Dataset section:
◆ ◆ ◆ ◆ ◆
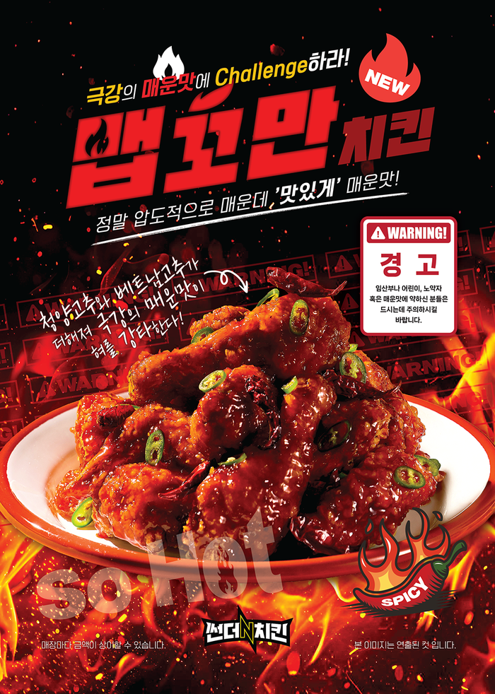 ‘맵꼬만 치킨’은 일반적인 매운맛을 넘어선, 극한의 매운맛을 콘셉트로 개발된 신메뉴로, 한 입만 먹어도 강렬한 자극이 입안을 휘감는 것이 특징이다. 썬더치킨은 “매운맛에 자신 있는 고객, 혹은 새로운 미각 도전을 원하는 소비자를 위해 기획한 메뉴”라고 설명했다.
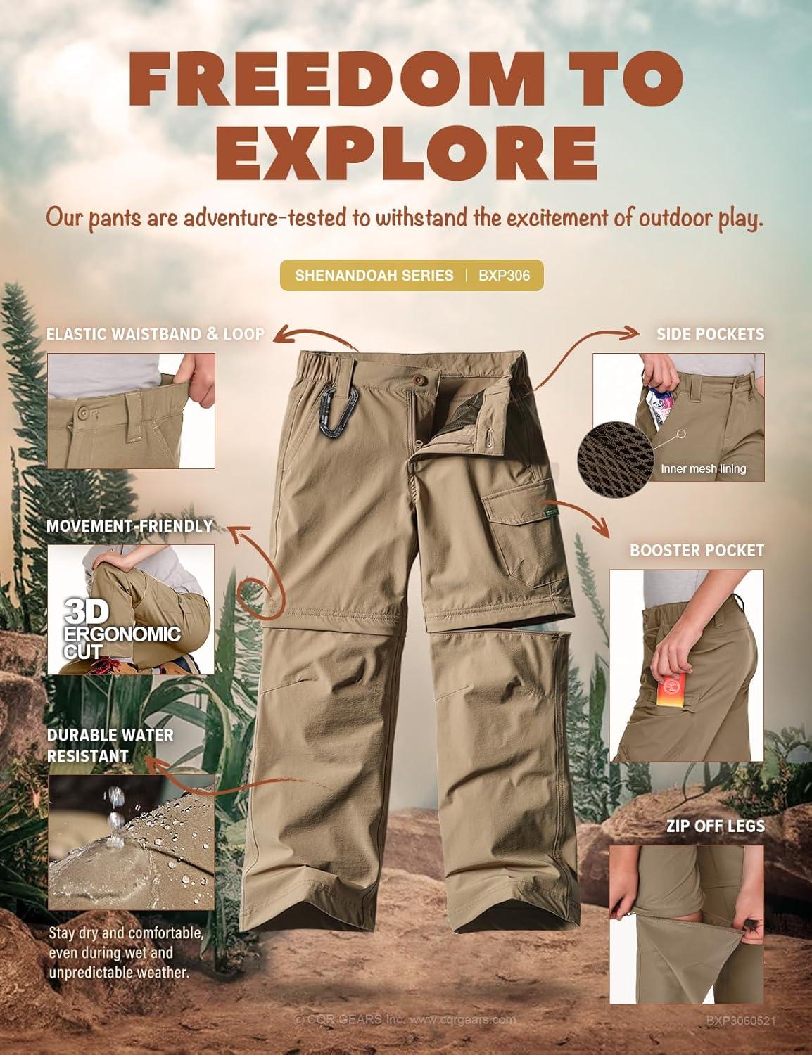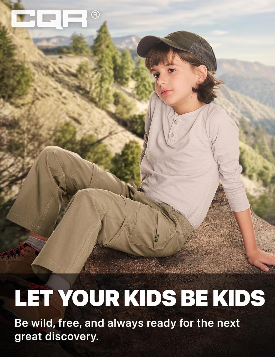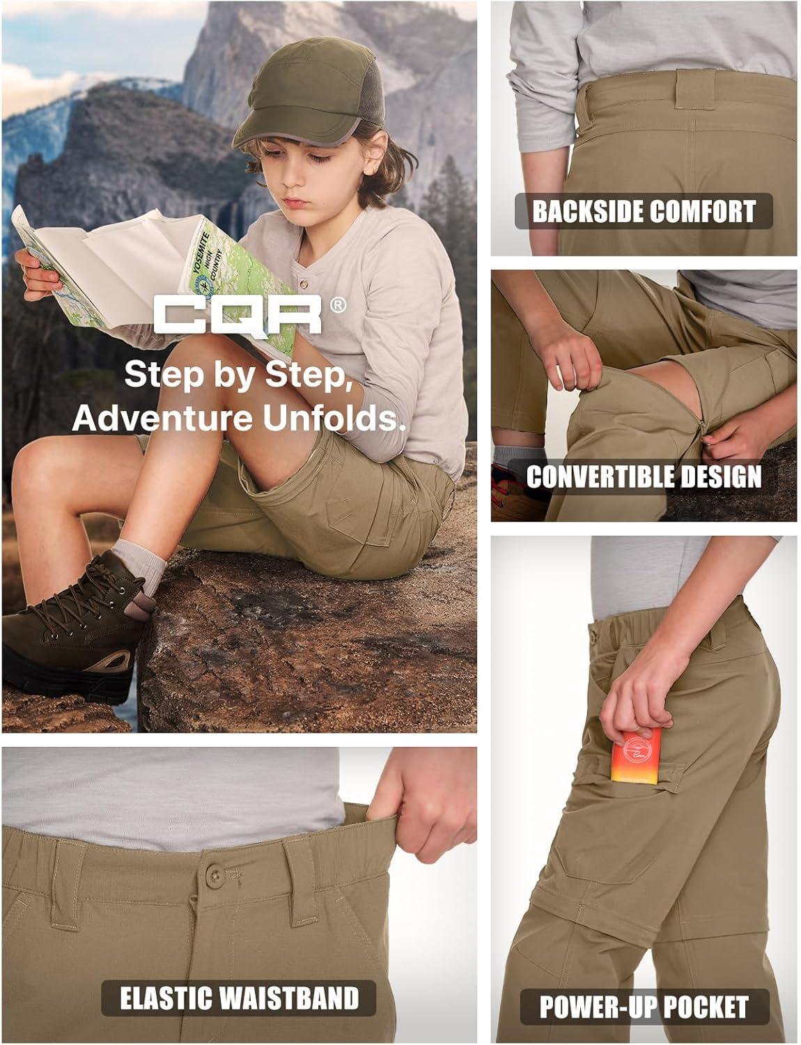 CQR Kids Youth Hiking Cargo Pants, UPF 50+ Quick Dry Convertible Zip Off Pants, Outdoor Camping Pants(Shenah Trek Cougar)
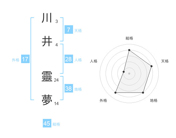 川井 靈夢さんの総格は45画の4点!
◆ ◆ ◆ ◆ ◆
Every line of the data above should be returned exactly, with the pictures removed.

 ‘맵꼬만 치킨’은 일반적인 매운맛을 넘어선, 극한의 매운맛을 콘셉트로 개발된 신메뉴로, 한 입만 먹어도 강렬한 자극이 입안을 휘감는 것이 특징이다. 썬더치킨은 “매운맛에 자신 있는 고객, 혹은 새로운 미각 도전을 원하는 소비자를 위해 기획한 메뉴”라고 설명했다.
 CQR Kids Youth Hiking Cargo Pants, UPF 50+ Quick Dry Convertible Zip Off Pants, Outdoor Camping Pants(Shenah Trek Cougar)
 川井 靈夢さんの総格は45画の4点!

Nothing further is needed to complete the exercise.